>>>>

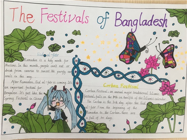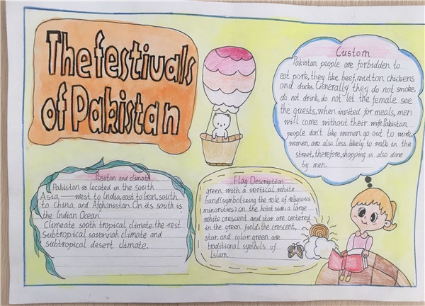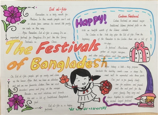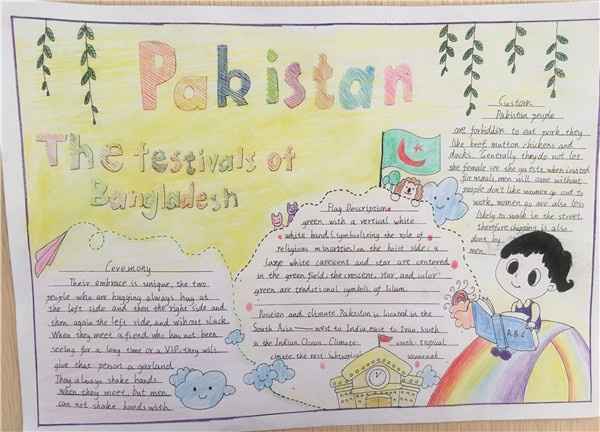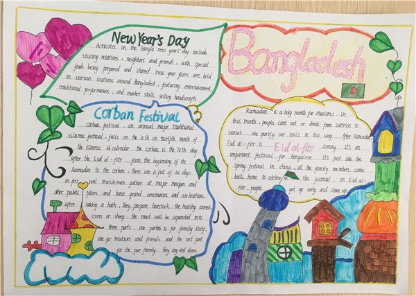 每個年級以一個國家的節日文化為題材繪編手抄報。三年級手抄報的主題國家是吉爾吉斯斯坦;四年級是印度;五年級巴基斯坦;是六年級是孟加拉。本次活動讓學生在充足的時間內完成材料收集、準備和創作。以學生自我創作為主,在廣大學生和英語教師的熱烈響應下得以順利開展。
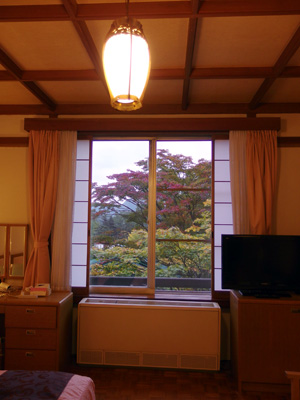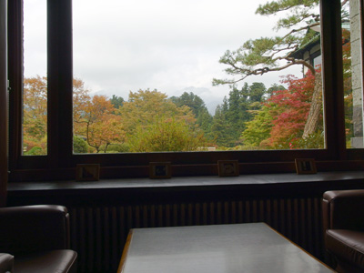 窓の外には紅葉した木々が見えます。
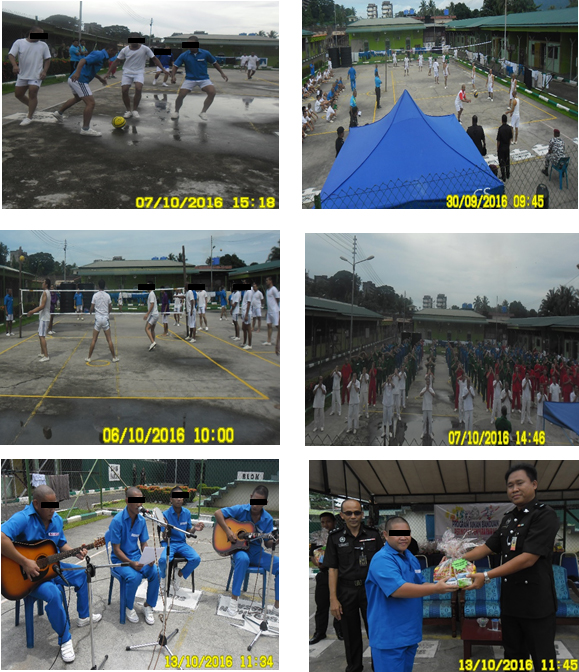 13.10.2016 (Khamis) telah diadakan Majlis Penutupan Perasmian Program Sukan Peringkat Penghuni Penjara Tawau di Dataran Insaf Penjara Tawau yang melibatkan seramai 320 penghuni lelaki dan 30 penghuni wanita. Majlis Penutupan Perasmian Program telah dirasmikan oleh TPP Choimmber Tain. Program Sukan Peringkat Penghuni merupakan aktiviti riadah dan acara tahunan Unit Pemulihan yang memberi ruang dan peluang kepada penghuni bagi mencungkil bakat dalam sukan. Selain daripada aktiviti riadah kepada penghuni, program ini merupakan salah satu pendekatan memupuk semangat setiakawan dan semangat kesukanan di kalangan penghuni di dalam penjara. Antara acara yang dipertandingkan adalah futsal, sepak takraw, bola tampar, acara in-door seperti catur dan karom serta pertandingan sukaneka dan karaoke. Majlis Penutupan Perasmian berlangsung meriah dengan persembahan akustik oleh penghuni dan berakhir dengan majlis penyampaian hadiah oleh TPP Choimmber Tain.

<<<<

**ASSIGNMENT**.
All of the material is to be reproduced verbatim, pictures excluded.

**WRITTEN SOLUTION**.
 每個年級以一個國家的節日文化為題材繪編手抄報。三年級手抄報的主題國家是吉爾吉斯斯坦;四年級是印度;五年級巴基斯坦;是六年級是孟加拉。本次活動讓學生在充足的時間內完成材料收集、準備和創作。以學生自我創作為主,在廣大學生和英語教師的熱烈響應下得以順利開展。
 窓の外には紅葉した木々が見えます。
 13.10.2016 (Khamis) telah diadakan Majlis Penutupan Perasmian Program Sukan Peringkat Penghuni Penjara Tawau di Dataran Insaf Penjara Tawau yang melibatkan seramai 320 penghuni lelaki dan 30 penghuni wanita. Majlis Penutupan Perasmian Program telah dirasmikan oleh TPP Choimmber Tain. Program Sukan Peringkat Penghuni merupakan aktiviti riadah dan acara tahunan Unit Pemulihan yang memberi ruang dan peluang kepada penghuni bagi mencungkil bakat dalam sukan. Selain daripada aktiviti riadah kepada penghuni, program ini merupakan salah satu pendekatan memupuk semangat setiakawan dan semangat kesukanan di kalangan penghuni di dalam penjara. Antara acara yang dipertandingkan adalah futsal, sepak takraw, bola tampar, acara in-door seperti catur dan karom serta pertandingan sukaneka dan karaoke. Majlis Penutupan Perasmian berlangsung meriah dengan persembahan akustik oleh penghuni dan berakhir dengan majlis penyampaian hadiah oleh TPP Choimmber Tain.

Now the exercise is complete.